1900(〃33年) 伊勢木綿織物講習所を創設して縫法を研究する。
1903(〃36年) 1市3郡の同業者で伊勢織物同業組合を結成。
 〃   (〃  〃) 組合久留米に伝習生を派遣する。
1905(〃38年) 三井物産の紹介で大沢布を朝鮮・満州に出荷する。
 〃   (〃  〃) 広瀬平次郎氏木綿業を始める。
 〃   (〃  〃) 大森吉右衛門・町谷源蔵ら全国の織物産地を視察し伊勢木綿の改良進歩をはかる。
1907(〃40年) 伊勢木綿硫化染料の使用が常となる。
 〃   (〃  〃) 同業組合の提唱で伊勢染生産組合を組織し染色技術の改善をはかる。
 〃   (〃  〃) 富田謹三工場豊田式三八繊機150台をそなえる。
1908(〃41年) 綿を使った綿綟子を造るが需要はすくない。
1909(〃42年) 三重織物生産組合を設けて製品の仕上と整理を共同的に処理する。
1914(大正3年) 第一次大戦の勃発で伊勢木綿の生産が大いに増える。
1915(〃4年) 伊勢木綿の工場で従業者10人以上30戸、10人未満227戸、織元22戸、賃織1072戸みられた。
    (大正年間) 伊勢木綿、縞木綿・萌黄織・納戸織・雑無地・白木綿を織る。
          (〃年) 富田謹三氏伊勢木綿「あさひ木綿」を東京のデパートで販売する。

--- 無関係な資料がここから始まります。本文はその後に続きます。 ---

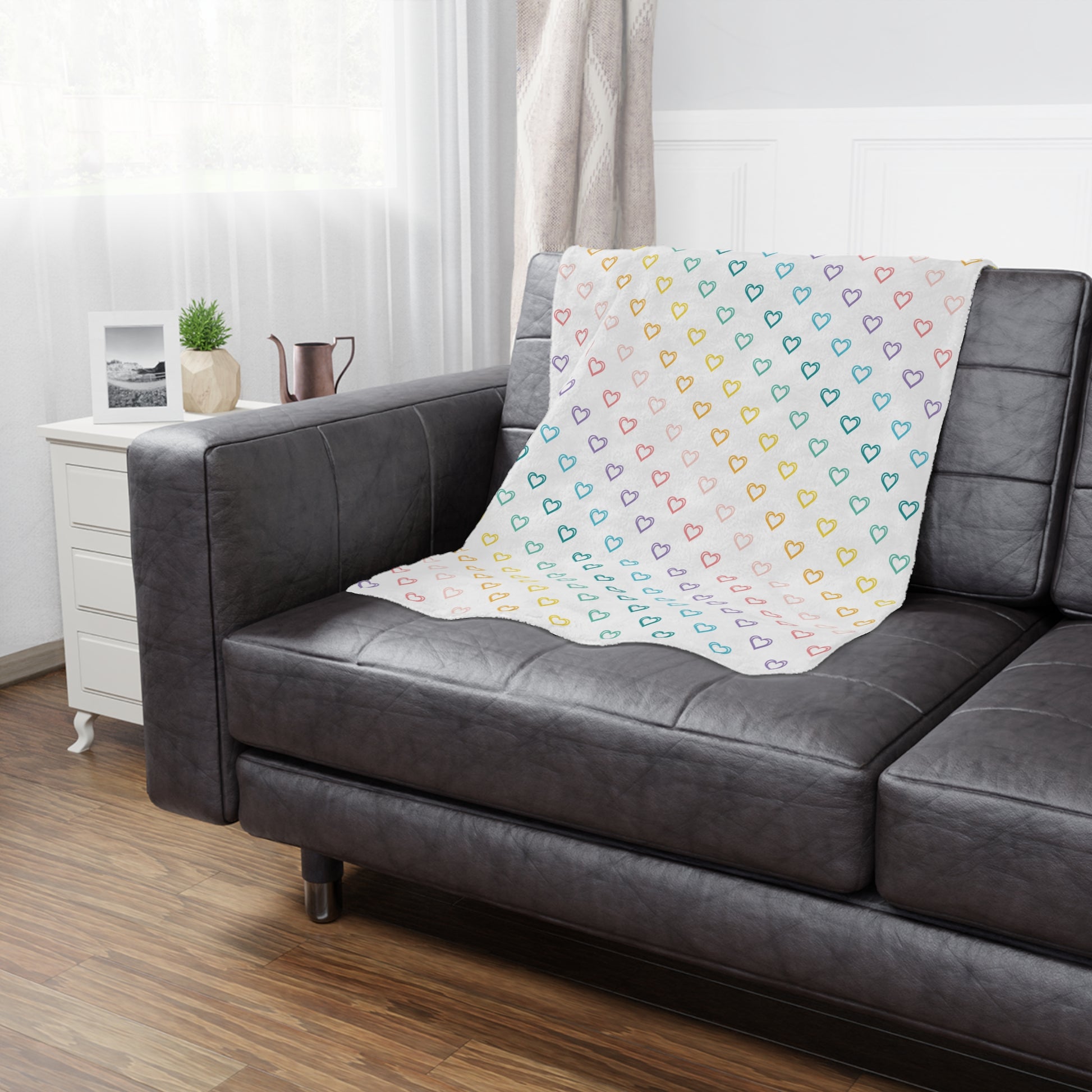 Pastel Rainbow Hearts Microfiber Fleece Blanket - Ultra Soft & Cozy Throw

1927(昭和2年) 世界恐慌で伊勢木綿も打撃をうける。
1943(〃18年) 木綿軍事統制品になる。
1965(〃40年) 後藤家紺屋を廃業する(一身田)。
1969(〃44年) 木谷家織物業を廃業する。
1975(〃50年) 中村家紺屋を廃業する。
        〃 村田家紺屋を廃業する。
1985(〃60年) 松本家織物業を廃業する。